--- Available data Enclosed Below ---

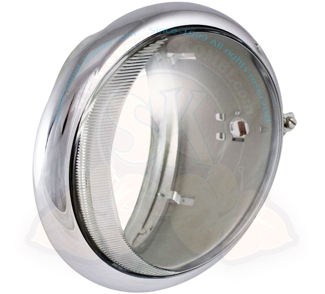 US-Scheinwerfergehäuse (11998037), mit glattem Glas, Standlichthalterung, Befestigungsschrauben und Unterlegscheiben, Clips und linker Halterung (WW Art.-Nr.: 211998164) für „sealed beam“ Leuchtmittel.
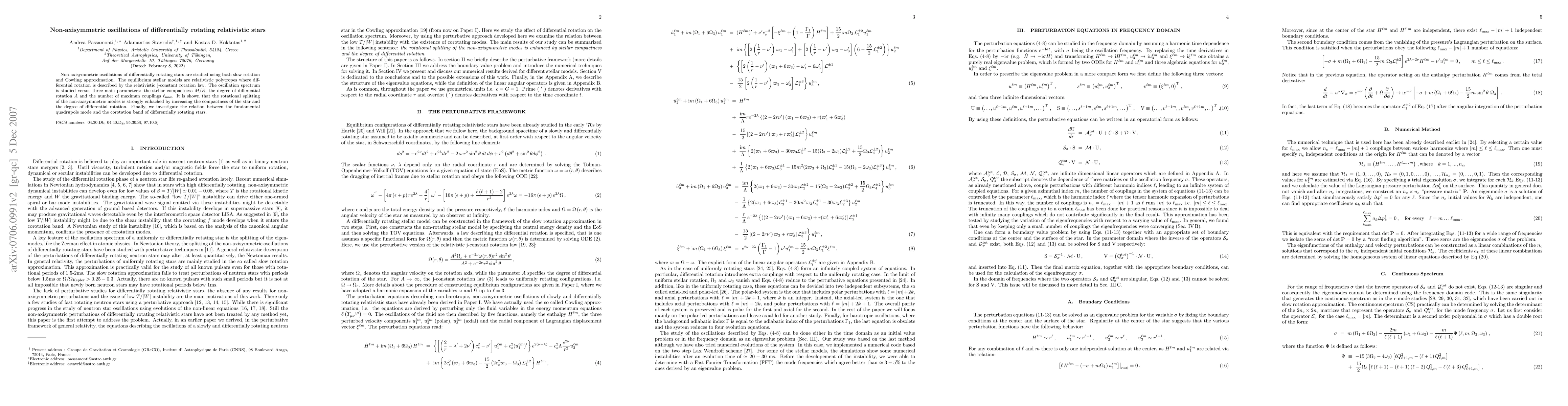 Non-axisymmetric oscillations of differentially rotating stars are studied using both slow rotation and Cowling approximation. The equilibrium stellar models are relativistic polytropes where differential rotation is described by the relativistic j-constant rotation law. The oscillation spectrum is studied versus three main parameters: the stellar compactness $M/R$, the degree of differential rotation $A$ and the number of maximun couplings $\ell_{\rm max}$. It is shown that the rotational splitting of the non-axisymmetric modes is strongly enhached by increasing the compactness of the star and the degree of differential rotation. Finally, we investigate the relation between the fundamental quadrupole mode and the corotation band of differentially rotating stars.
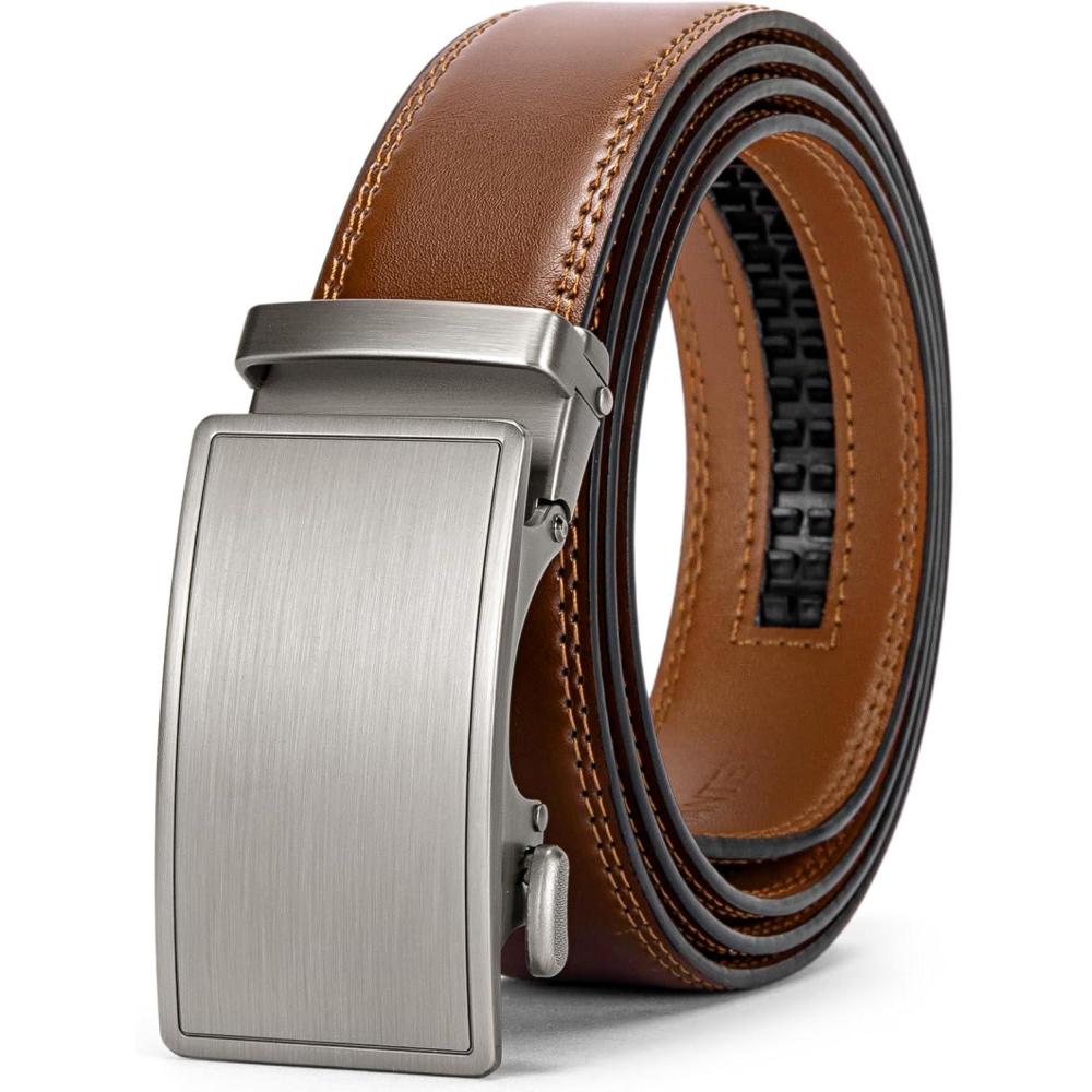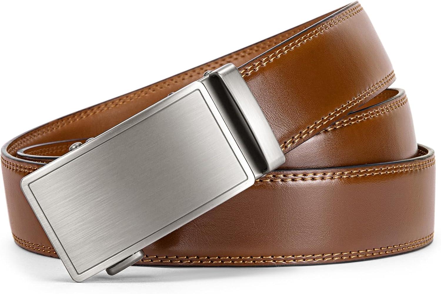 imageBOSTANTEN Mens Belt Leather Ratchet Belt For Men Dress and Casual with Adjustable Buckle Trim to Fit021  Light Brown
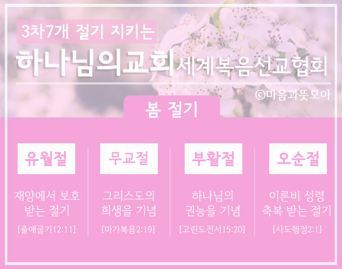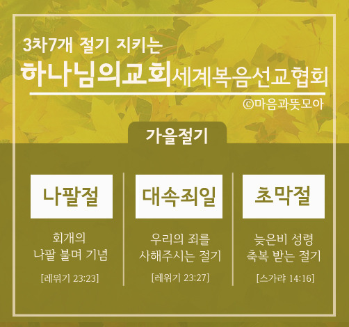 그 외에도 절기 마다 고유의 예언적인 의미와 이루어주실 하나님의 섭리가 그 속에 내포되어 있습니다 해마다 지켜야 할 절기(유월절, 무교절,부활절(초실절),오순절(칠칠절),나팔절.대속죄일,초막절) 있습니다(레23/1~38)
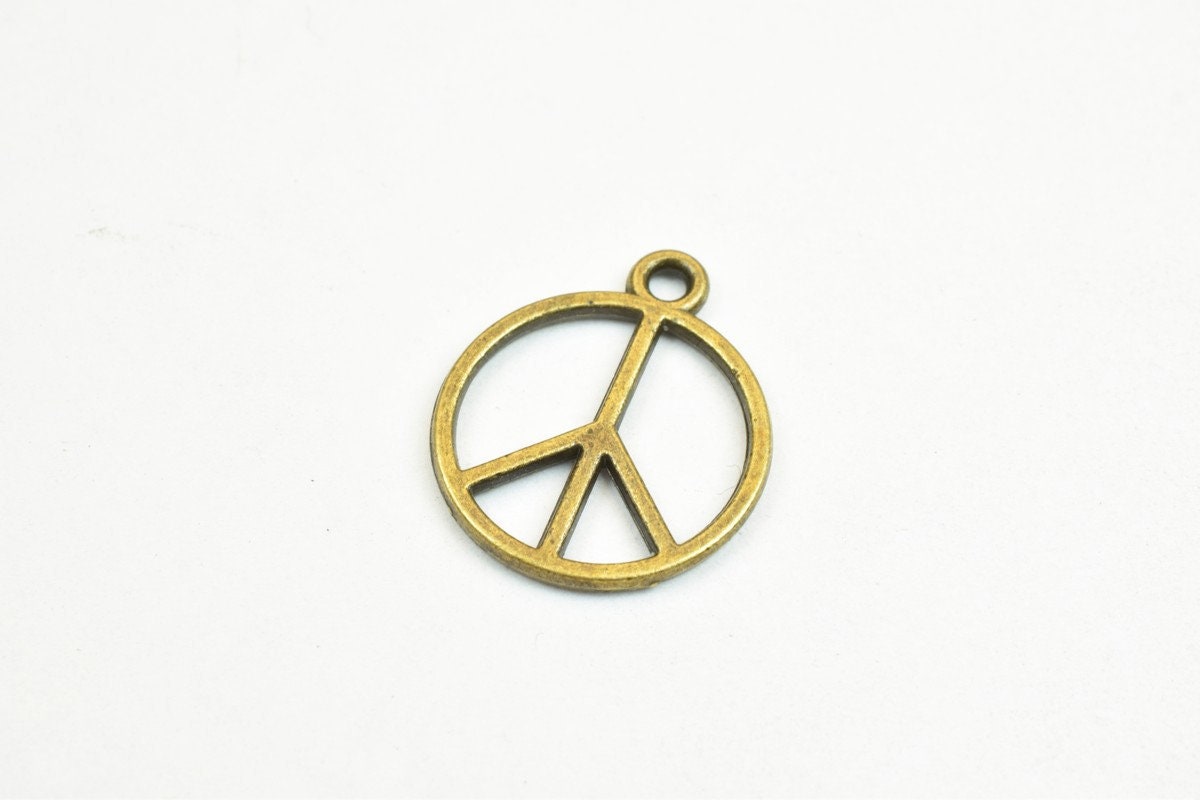 13 PCs Peace Sign Charm Pendant Bronze/Gold Charm Beads Alloy Metal Bracelet Pendant Size 16.5x14mm JumpRing Size 1.5mm Fo...
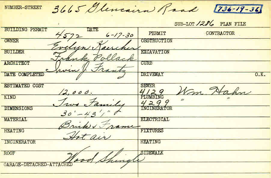 3665 Glencairn Road Shaker Heights, OH 44122 PARCEL ID: 736-19-036 Building Permit Date: 06-17-1930 Plan File Number: 0 Neighborhood: Fernway Owner: Kaercher, Evelyn Builder: Pollack, Frank Architect: Frantz, Irvin J. Estimated Cost: 12000 Kind: Duplex or Two-Family Material: Brick and Frame Heating: Hot Air Roof: Wood Shingle Card Available: yes |

--- End of Enclosed Available data ---

> _What you should do_: Each line from the one containing "13 PCs Peace" through the last line above should be retyped exactly, and no other line. Any picture is to be left out.

> _Problem solution_:
 13 PCs Peace Sign Charm Pendant Bronze/Gold Charm Beads Alloy Metal Bracelet Pendant Size 16.5x14mm JumpRing Size 1.5mm Fo...
 3665 Glencairn Road Shaker Heights, OH 44122 PARCEL ID: 736-19-036 Building Permit Date: 06-17-1930 Plan File Number: 0 Neighborhood: Fernway Owner: Kaercher, Evelyn Builder: Pollack, Frank Architect: Frantz, Irvin J. Estimated Cost: 12000 Kind: Duplex or Two-Family Material: Brick and Frame Heating: Hot Air Roof: Wood Shingle Card Available: yes |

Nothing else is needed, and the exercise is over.